Specific Interactions between HIV-1 Env Cytoplasmic Tail and Gag Matrix Domain Probed by NMR

Abstract

HIV-1 envelope glycoprotein (Env) is a transmembrane protein that mediates membrane fusion during viral entry. Incorporation of a sufficient number of Envs during viral assembly is critical for viral infectivity. It has long been suggested that the interaction between Env and the matrix domain (MA) of the Gag polyprotein plays an important role in recruiting Envs to the site of viral assembly on the plasma membrane, but direct biochemical and structural evidence is lacking for such an interaction in the context of a membrane-like environment.
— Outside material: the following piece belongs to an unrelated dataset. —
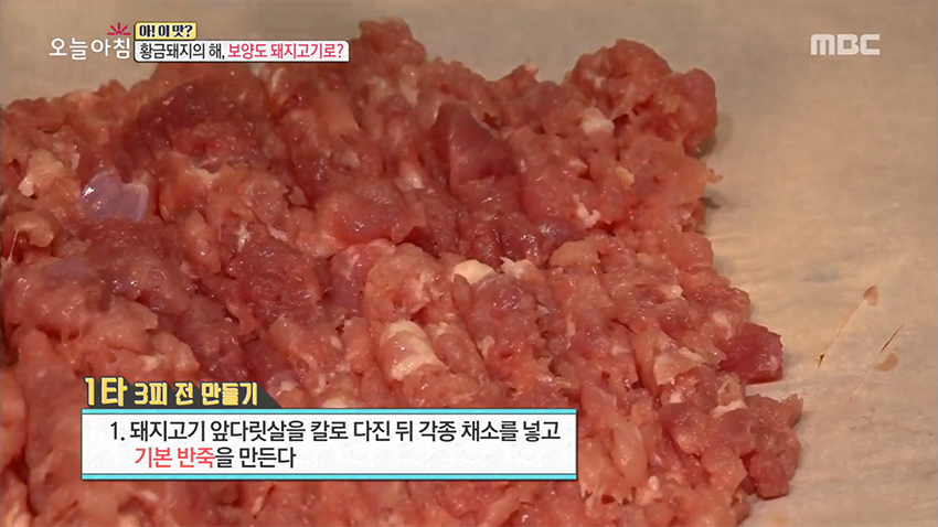1. 돼지고기 앞다리살을 칼로 다진 뒤 각종 채소를 넣고 기본 반죽을 만든다.

Here, we report specific structural contacts between the cytoplasmic tail (CT) of the trimeric HIV-1 Env in bicelles and the trimeric MA. Using a combination of measurements of NMR chemical shift perturbation, intermolecular paramagnetic relaxation enhancements, and microscale thermophoresis, we found that, in DMPC-DHPC bicelles that mimic a lipid bilayer, the trimeric baseplate formed by the CT specifically interacted with the trimeric MA via mostly electrostatic interactions involving acidic residues of the CT and positively charged patches of the MA. Nonconservative substitution of these previously unrecognized acidic residues in Env resulted in drastically reduced viral infectivity. Our findings, together with early genetic and biochemical studies, indicate that specific interactions between the CT of Env and MA play a structural role during HIV-1 assembly.